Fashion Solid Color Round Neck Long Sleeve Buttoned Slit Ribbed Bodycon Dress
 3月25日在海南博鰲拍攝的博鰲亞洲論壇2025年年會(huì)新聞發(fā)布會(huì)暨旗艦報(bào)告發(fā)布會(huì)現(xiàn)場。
* * *
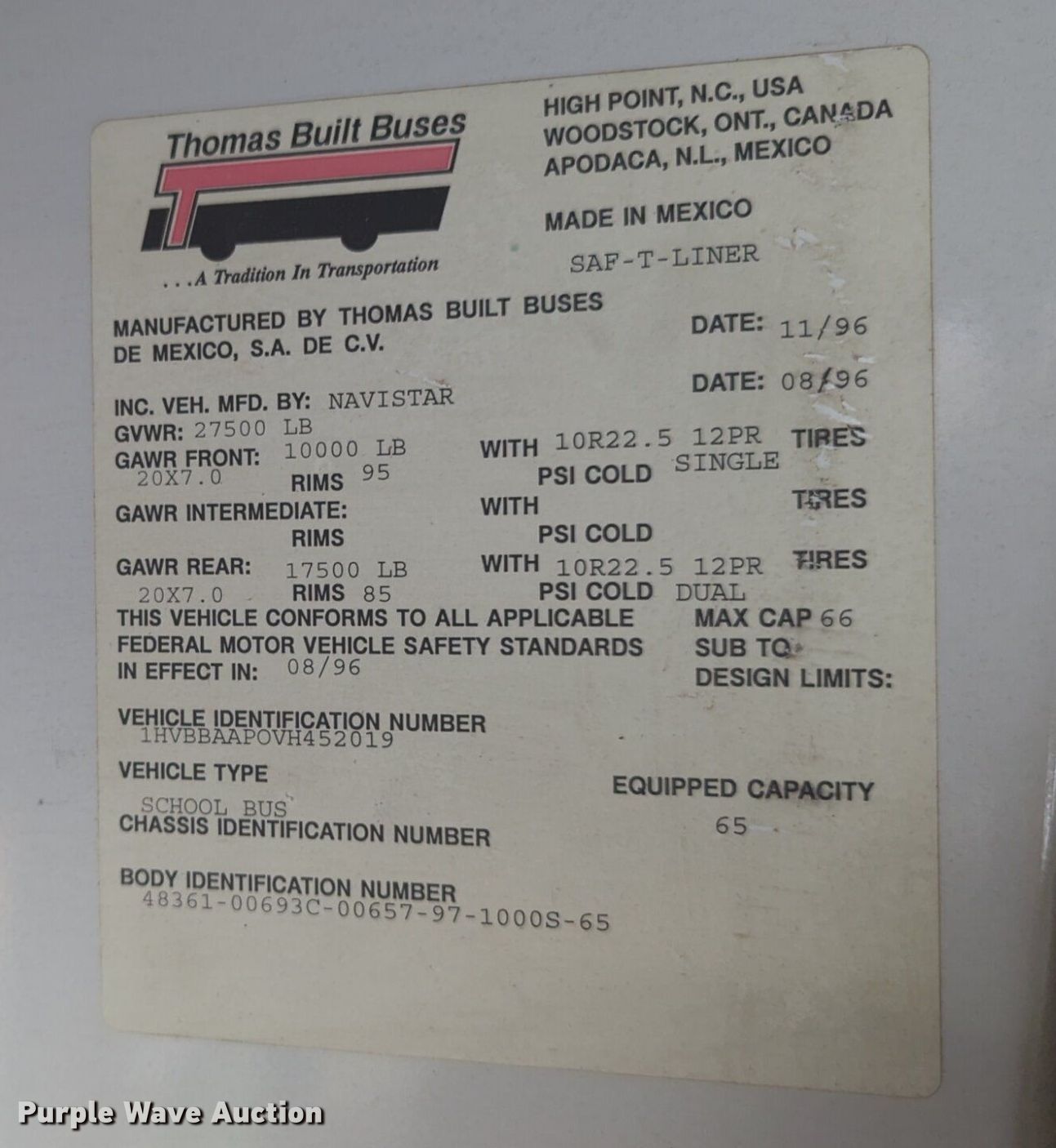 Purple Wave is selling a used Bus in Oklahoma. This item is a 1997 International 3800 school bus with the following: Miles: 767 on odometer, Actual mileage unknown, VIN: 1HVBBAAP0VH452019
...
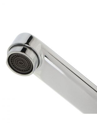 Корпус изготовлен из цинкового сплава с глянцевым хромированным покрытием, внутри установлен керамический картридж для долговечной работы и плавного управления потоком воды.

• WHAT TO PRODUCE: Return word for word the lines above from the line with "Fashion Solid Color" to the line with "3月25日在海南博鰲拍攝的博", including both and leaving out all others.

• COMPLETED TASK:
Fashion Solid Color Round Neck Long Sleeve Buttoned Slit Ribbed Bodycon Dress
 3月25日在海南博鰲拍攝的博鰲亞洲論壇2025年年會(huì)新聞發(fā)布會(huì)暨旗艦報(bào)告發(fā)布會(huì)現(xiàn)場。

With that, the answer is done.